ANZ hasn't offered staff at its Martinborough branch redundancy because it expects them to commute to Masterton.

It follows a meeting with the bank's three staff today, where they were told the branch would close on 19 October.

The Wairarapa-based Labour MP Kieran McAnulty said the initial offer to the staff did not include redundancy because the bank felt the distance between Masterton and Martinborough was a commutable distance.

"I pointed out that the Pahiatua staff were offered redundancy and the difference between Pahiatua and Dannevirke - the closest branch - was less than the travel time between Masterton and Martinborough, so that's a work in progress."

Today more than 100 residents gathered at the bank to voice their opposition to the closure.

ANZ said the bank had seen a 6.3 percent drop in transactions in the past year, adding that eight out of 10 ANZ Martinborough customers had not visited the Kitchener Street branch this year.

But Mr McAnulty, who was at today's protest, said the bank had underestimated what a vibrant district Martinborough was and in doing so had missed an opportunity.

"If you just look at the stats for the last year alone, South Wairarapa outperformed Queenstown, Wellington and the New Zealand average in terms of GDP growth, retail spend, tourism spend and guest nights.

"This is a vibrant area on the back door to Wellington that is seeing growth year on year and I think the ANZ have missed an opportunity to capitalise on that, looking just at the corporate balance sheet rather than what they could do in this area," he said.

In a statement ANZ said it had spent about $200 million in the past four years installing and upgrading digital technology, internet and phone banking in response to changing customer demands for banking services 24/7. This flexibility means people don't have to go to the branch to do their banking.

"Most Martinborough customers use internet and phone banking.
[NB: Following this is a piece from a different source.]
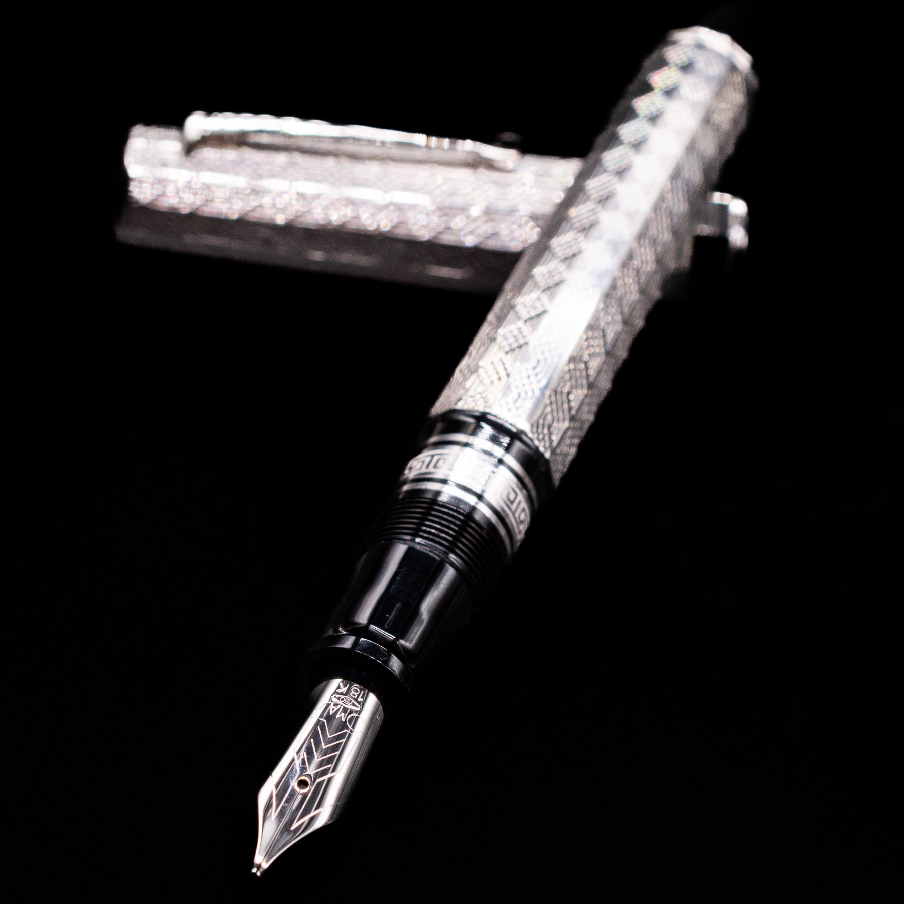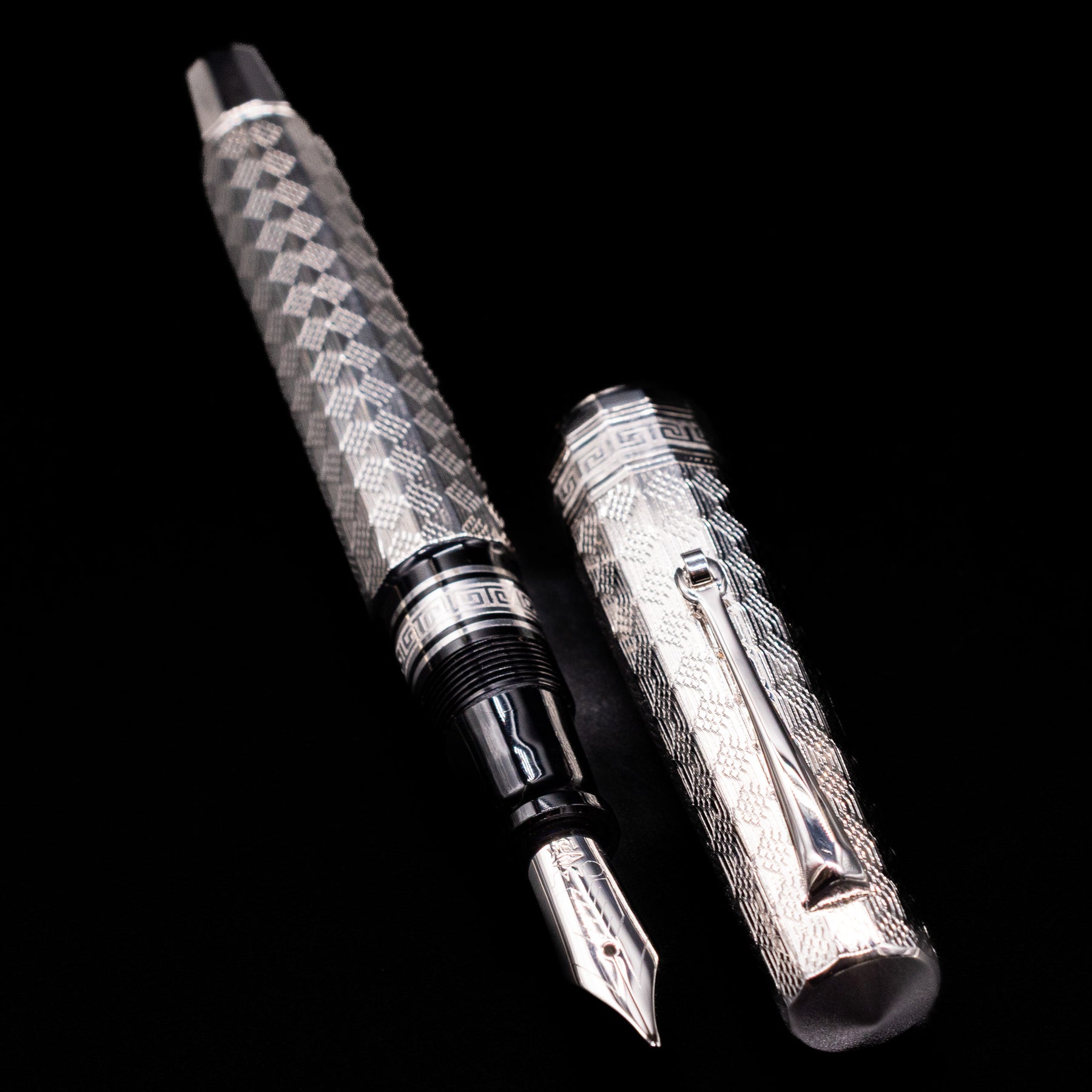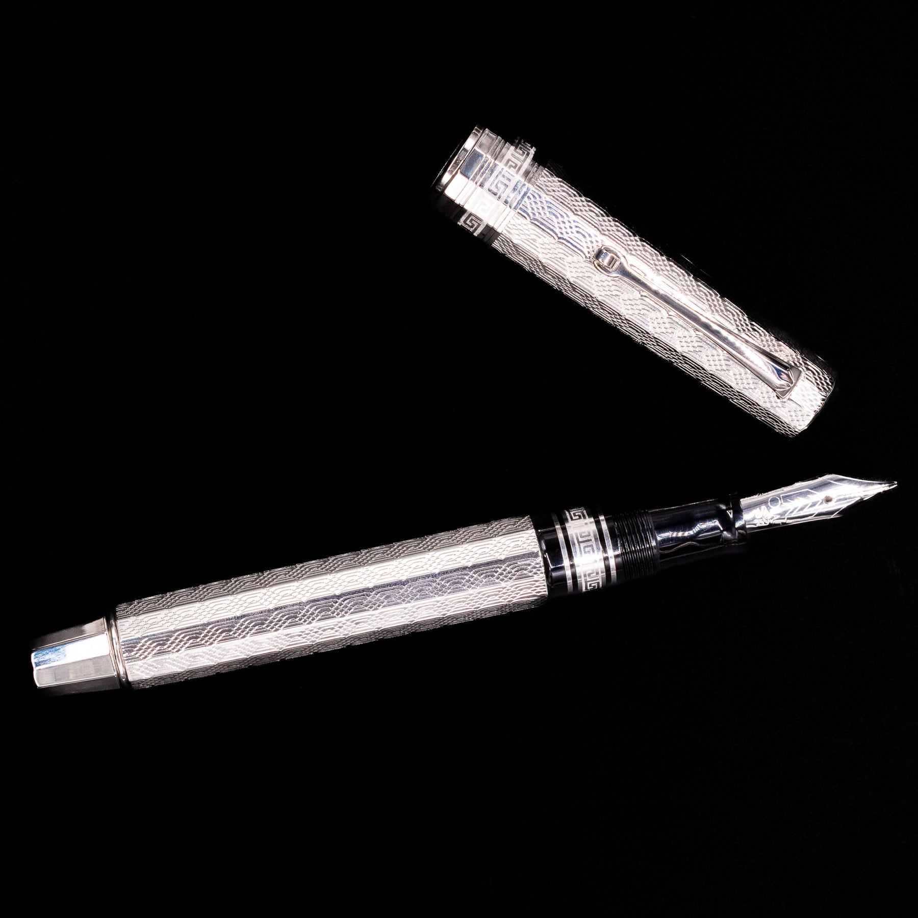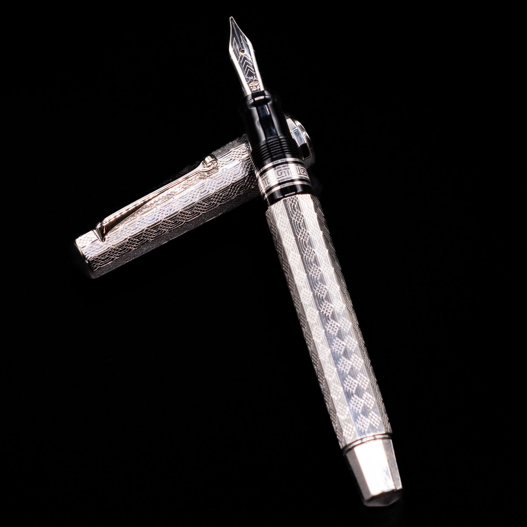 This edition is built around a solid sterling silver body and cap, with every surface meticulously hand-engraved in elaborate Arte Italiana motifs. These complex engravings draw inspiration from classical Italian decorative arts — sculptural flourishes, architectural rhythm, and rich textural interplay — resulting in a design that is both dynamic and harmoniously balanced. The engraving work is entirely hand-finished, giving each piece subtle uniqueness while retaining a cohesive aesthetic language across the edition.

For those customers who don't know how to use internet or phone banking, or have any questions, staff at the branch and at our contact centre are happy to help. Staff will also run seminars in Martinborough following the closure to help educate customers," it said.

But locals disagreed. Another protester and local resident, Dean di Bona, said some in the community relied on face-to-face contact.

"We have an aged care facility here and a lot of people here can't even understand technology and they need to be brought down to the bank to do cash withdrawals at the counter," he said.

And he said the installation of a SmartATM in the town was not an option for some businesses.

"Especially cash deposits. They talk about 'smart banking' and all these machines but the problem is when you go into the bank there's a lot of security cameras and a safe zone. But when you are actually out on the street trying to use an ATM that's quite dangerous and you can't even watch your back when you are trying to deposit and it's quite a time-consuming process," he said.

Mr McAnulty said as a result of the closure, businesses had no choice but to travel the 45 minutes to Masterton to do their day to day banking.

"That's going to increase costs, it's going to make them reconsider investment options or whether or not the business now fits the lifestyle that they wanted in this area. The type of business they've got catering to the tourism trade - is it actually possible to travel that 45 minute one way trip to Masterton?"

Residents are also angry the bank has not responded to residents' submissions, which included efforts to try and find a solution.

Mr di Bona said one option was for a mobile bank.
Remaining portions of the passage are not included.